Mysteries in the night Saturday, Feb 16 2013 

Nothing at all exciting!

This house has no complete ‘blueprints’.  It was mostly built before all that paper. We have measured out some of the rooms, but not all.  In the classic bit of insomniac pondering, I got to thinking about the old duct work for the original north end heating system.  This was a hot air system and built with the addition in 1893, so everything is buried in the walls and floors.  However, because it is not forced hot air, but simply gravity, the ducts are quite good sized.

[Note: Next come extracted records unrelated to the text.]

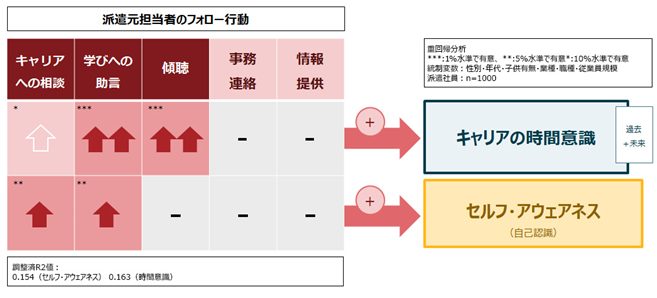 8. 派遣元担当者のフォローとキャリアの時間軸、セルフ・アウェアネスとの関係を分析すると、キャリアへの相談、学びへの助言はともにキャリアの時間軸、セルフ・アウェアネスにプラスの影響が見られた。事務連絡や情報提供だけでは、それらにプラスの影響は確認できない。
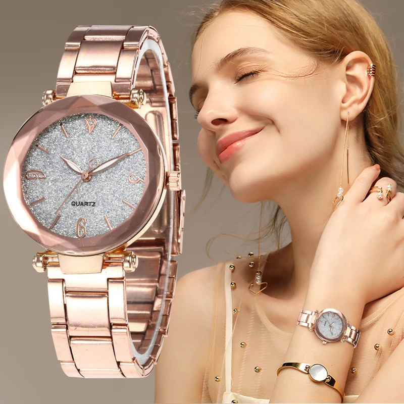 Часы наручные женские с циферблатом звездного неба, Романтические Роскошные с браслетом из розового золота
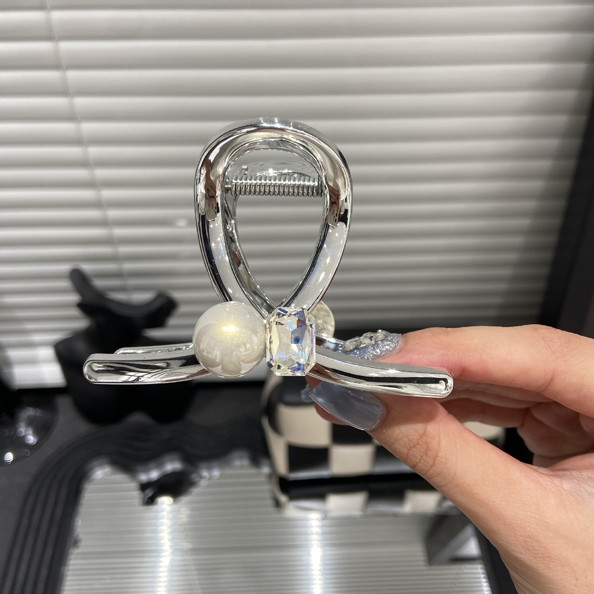 Goddess Elegant Fashion Furry Clip Bow Back of Head Hair Claw Large Melad Diamond-Embedded Claw Clip Light Luxury Hair Accessory
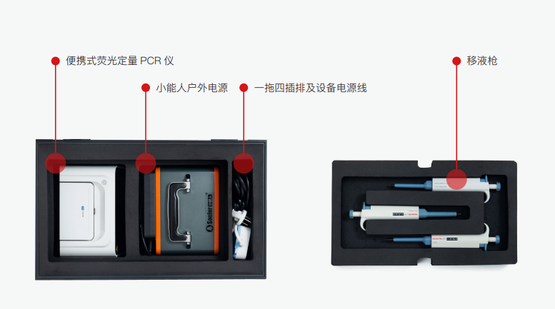 該檢測箱核心設備為天隆GeneFlex 16全自動核酸提取儀和Gentier mini/mini+便攜式熒光定量PCR儀,配備小能人戶外電源及相應實驗試劑耗材等,可搭載日常公共交通,實現拉箱即走,快速到達各類檢測現場,讓檢測不再受限。適用于食品安全、出入境檢疫、傳染病處置等多場景的現場檢測。
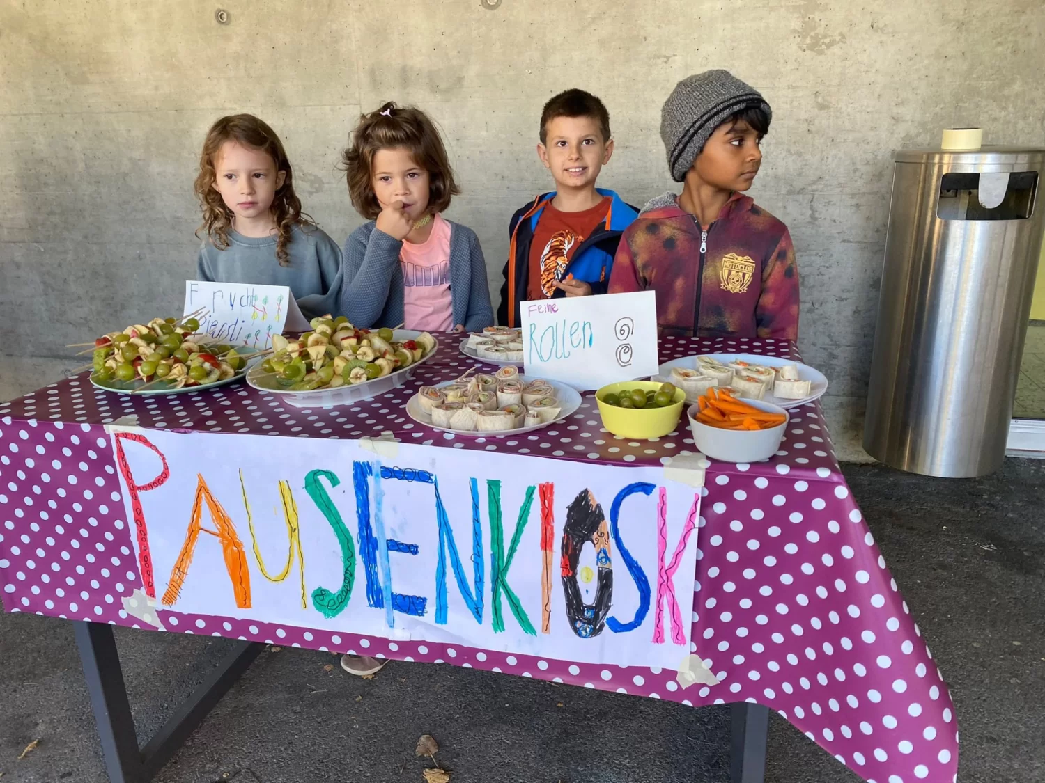 Die Vorbereitungen für den ersten Pausekiosk waren bereits im vollen Gange. Schon Tage zuvor machte sich die Miesmuschelklasse gemeinsam mit Frau Feller Gedanken darüber, was sie den Schülerinnen und Schülern der Primarschule Raron gerne servieren würden. Viele tolle Ideen wurden gesammelt und dann ging es ins Volg, wo alle fleissig beim Einkauf mithalfen. Der Einkaufskorb wurde gefüllt mit den leckersten Sachen und alle Miesmuscheln freuten sich riesig auf ihre grosse Pause.

Now, in the library section, between two rooms, there is a complicated stack running east-west.  On the first floor, this includes two closets, a chimney breast, and a bathroom.  On the second floor, there is the chimney, a hall, two closets, and a bathroom (offset from the one below on a long diagonal).  Now, that is all very well and fine…but there is on the second floor two wall vents for the hot air system: one at the extreme south-east, the other at the extreme north-west.  On the first floor, there are floor vents that are nowhere near where the wall vents must branch off.  Now, did those two second-story wall vents run directly up from the basement?  If so they have to have branched off somewhere in the basement ceiling, because only two main ducts ran below the ceiling in that direction, and one went to those floor vents.  Or does it snake through the first floor ceiling?  Or does it snake through that second story wall, but…  How did they fit? none of the walls appear to be thick enough to fit a duct in…but they must be….

I think I have a bit of measuring to do…unless the engineer knows?  I mean I could send our resident cat back in to the ducts…but he didn’t like it last time!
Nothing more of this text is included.